RAID systems due to their redundancy overcome these problems making the data always available. RAID technology is made of different configurations called levels. The level defines how data is written to the drives and the minimum number of drives required.

In RAID level 5 systems the data and parity information is striped among all drives. When one of the disks is not available the redundant information stored in the other disks is sufficient to continue working, and since disks are hot swappable they can be replaced and rebuilt without the need of stopping the system. In practice this means that no data is lost from the broken disk while users can continue to work without interruption.

Since the data is spread across all the disks of the RAID system throughput is also better than in traditional disks, this behavior is also improved by the usage of large memory caches inside the RAID controllers.

 

OBJECTIVES

Implement a high performance fault tolerant disk storage system for critical information such as user accounts and software shared by several systems, in order to improve the reliability and up time of all central services.

 

RAID SYSTEM

The system should be built around a RAID (Redundant Array of Inexpensive Disks) level 5 storage system connected to two UNIX servers through a dual path SCSI controller (RAID side) and SCSI RAID controllers (server side). Load balancing and failover between the two servers should be supported. Network access to the RAID volumes will be performed through NFS and SAMBA. For better network access performance the servers should be equipped with two fast ethernet controllers each. Due to the large storage capacity of the RAID system a DLT 4000 tape drive should be dedicated to RAID backup operations.
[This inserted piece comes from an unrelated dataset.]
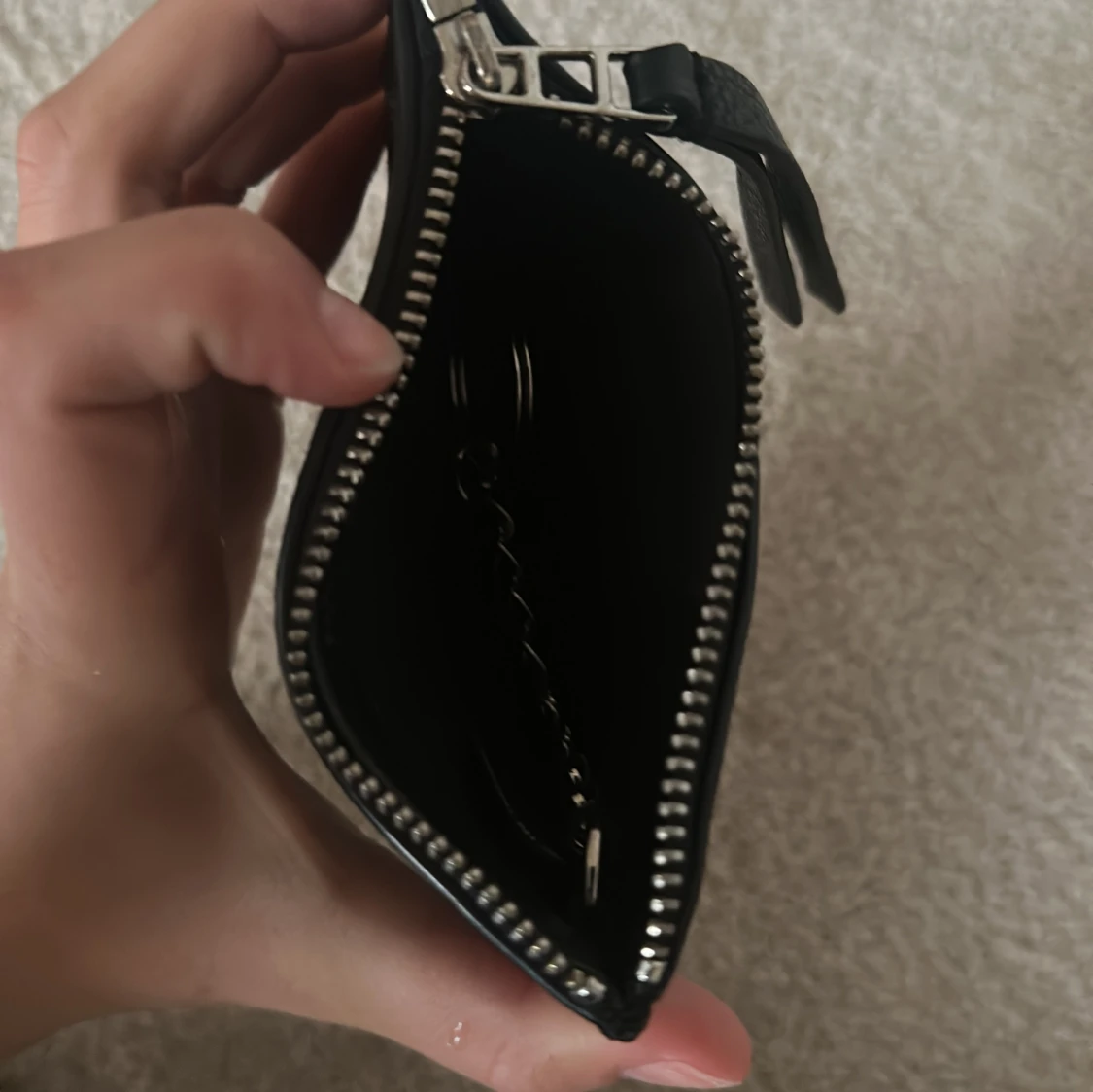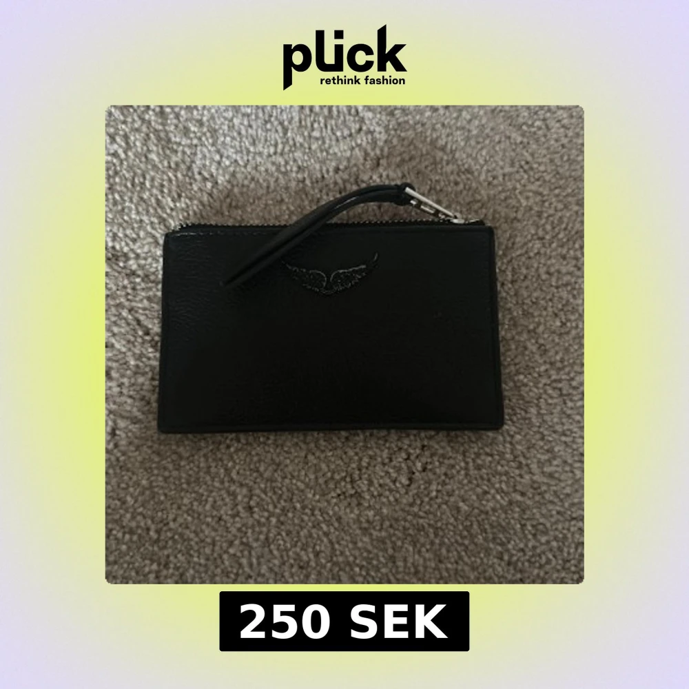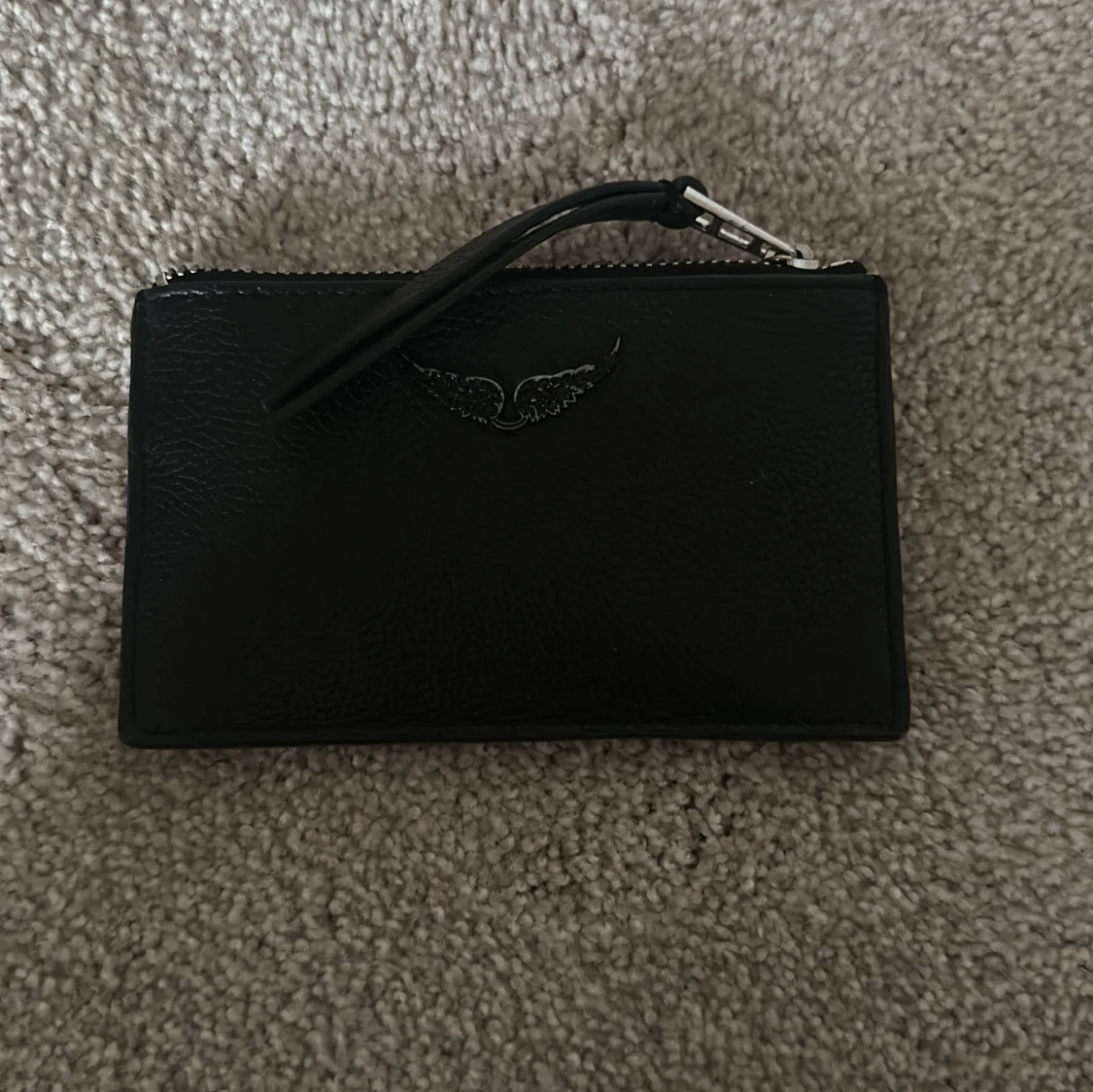 Snygg svart plånbok i skinn med silverfärgad dragkedja och ett stilrent vingmotiv på framsidan. Praktisk storlek med dragkedja runt om och en smidig rem för att hålla i. Perfekt för kort, mynt och småsaker. Lite sliten bara vid märket annars brs

In the same framework distributed file systems should be studied in order to give a better network access to the raid systems. Two options will be considered:  

·        DFS (Distributed File System) a standard from Open Software Foundation will be evaluated as an option to AFS. DFS is a standard included in the DCE (Distributed Computing Environment) which is already supported by many major vendors and presents several advantages including lower cost than AFS.

·        CODA is a distributed file system developed at CMU and is descended from AFS2, the last non-commercial release of AFS. CODA supports persistent client caching of whole files so that client activity can continue even when the server becomes disconnected.